(Records from a collection)
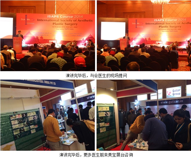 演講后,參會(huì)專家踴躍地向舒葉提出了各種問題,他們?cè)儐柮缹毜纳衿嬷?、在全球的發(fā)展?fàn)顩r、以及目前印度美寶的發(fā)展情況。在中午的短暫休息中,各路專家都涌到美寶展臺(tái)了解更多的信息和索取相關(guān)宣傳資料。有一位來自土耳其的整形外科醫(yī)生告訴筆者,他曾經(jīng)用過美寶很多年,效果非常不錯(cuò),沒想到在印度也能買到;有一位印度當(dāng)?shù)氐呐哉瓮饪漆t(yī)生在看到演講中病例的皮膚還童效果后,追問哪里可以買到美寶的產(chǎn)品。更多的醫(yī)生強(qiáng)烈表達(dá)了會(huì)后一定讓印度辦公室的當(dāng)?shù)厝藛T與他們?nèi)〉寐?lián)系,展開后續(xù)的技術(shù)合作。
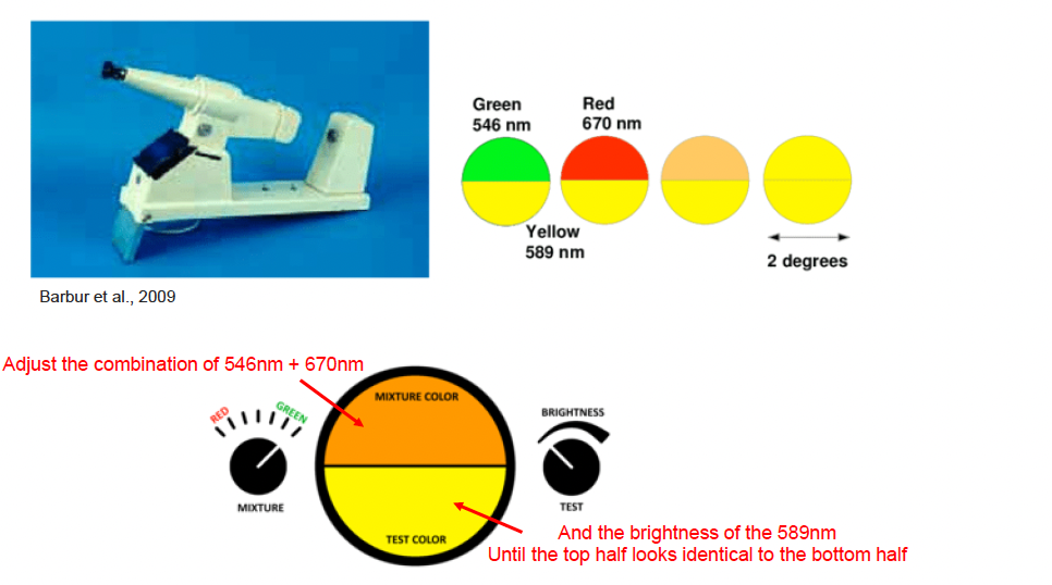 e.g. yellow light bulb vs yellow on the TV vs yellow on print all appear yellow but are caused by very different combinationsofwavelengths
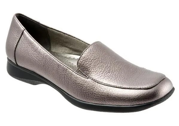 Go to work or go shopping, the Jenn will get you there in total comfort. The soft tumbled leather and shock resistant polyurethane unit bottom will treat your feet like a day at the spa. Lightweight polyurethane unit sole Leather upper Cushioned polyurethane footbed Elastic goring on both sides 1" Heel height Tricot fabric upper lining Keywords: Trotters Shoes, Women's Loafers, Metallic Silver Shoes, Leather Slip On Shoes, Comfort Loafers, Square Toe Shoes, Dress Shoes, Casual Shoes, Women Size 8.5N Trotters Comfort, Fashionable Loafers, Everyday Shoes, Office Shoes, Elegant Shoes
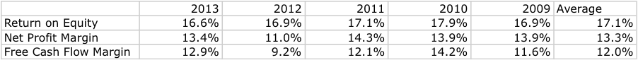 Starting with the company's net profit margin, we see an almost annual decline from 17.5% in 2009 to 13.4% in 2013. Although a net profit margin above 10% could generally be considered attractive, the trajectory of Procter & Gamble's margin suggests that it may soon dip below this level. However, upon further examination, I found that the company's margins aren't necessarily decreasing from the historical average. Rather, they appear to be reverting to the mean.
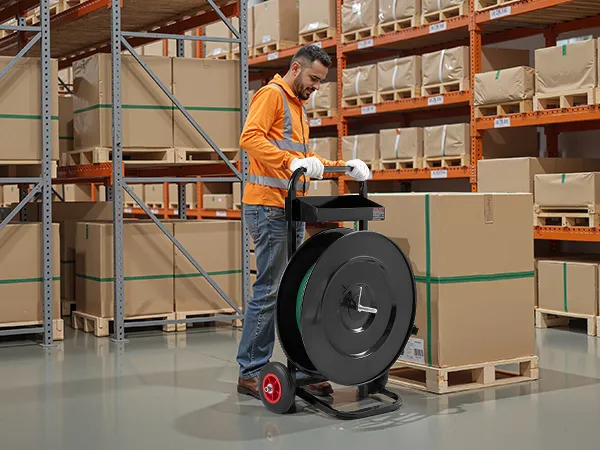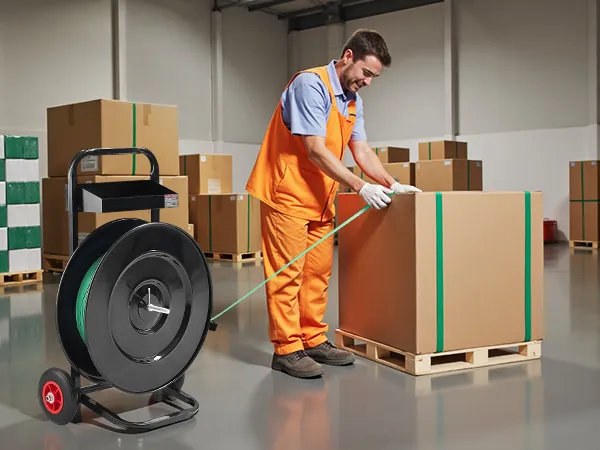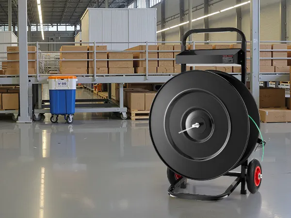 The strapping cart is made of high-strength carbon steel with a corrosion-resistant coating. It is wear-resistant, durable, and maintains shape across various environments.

= What you need to do =
Output the data above verbatim, pictures excluded.

= Task solution =
 演講后,參會(huì)專家踴躍地向舒葉提出了各種問題,他們?cè)儐柮缹毜纳衿嬷?、在全球的發(fā)展?fàn)顩r、以及目前印度美寶的發(fā)展情況。在中午的短暫休息中,各路專家都涌到美寶展臺(tái)了解更多的信息和索取相關(guān)宣傳資料。有一位來自土耳其的整形外科醫(yī)生告訴筆者,他曾經(jīng)用過美寶很多年,效果非常不錯(cuò),沒想到在印度也能買到;有一位印度當(dāng)?shù)氐呐哉瓮饪漆t(yī)生在看到演講中病例的皮膚還童效果后,追問哪里可以買到美寶的產(chǎn)品。更多的醫(yī)生強(qiáng)烈表達(dá)了會(huì)后一定讓印度辦公室的當(dāng)?shù)厝藛T與他們?nèi)〉寐?lián)系,展開后續(xù)的技術(shù)合作。
 e.g. yellow light bulb vs yellow on the TV vs yellow on print all appear yellow but are caused by very different combinationsofwavelengths
 Go to work or go shopping, the Jenn will get you there in total comfort. The soft tumbled leather and shock resistant polyurethane unit bottom will treat your feet like a day at the spa. Lightweight polyurethane unit sole Leather upper Cushioned polyurethane footbed Elastic goring on both sides 1" Heel height Tricot fabric upper lining Keywords: Trotters Shoes, Women's Loafers, Metallic Silver Shoes, Leather Slip On Shoes, Comfort Loafers, Square Toe Shoes, Dress Shoes, Casual Shoes, Women Size 8.5N Trotters Comfort, Fashionable Loafers, Everyday Shoes, Office Shoes, Elegant Shoes
 Starting with the company's net profit margin, we see an almost annual decline from 17.5% in 2009 to 13.4% in 2013. Although a net profit margin above 10% could generally be considered attractive, the trajectory of Procter & Gamble's margin suggests that it may soon dip below this level. However, upon further examination, I found that the company's margins aren't necessarily decreasing from the historical average. Rather, they appear to be reverting to the mean.
 The strapping cart is made of high-strength carbon steel with a corrosion-resistant coating. It is wear-resistant, durable, and maintains shape across various environments.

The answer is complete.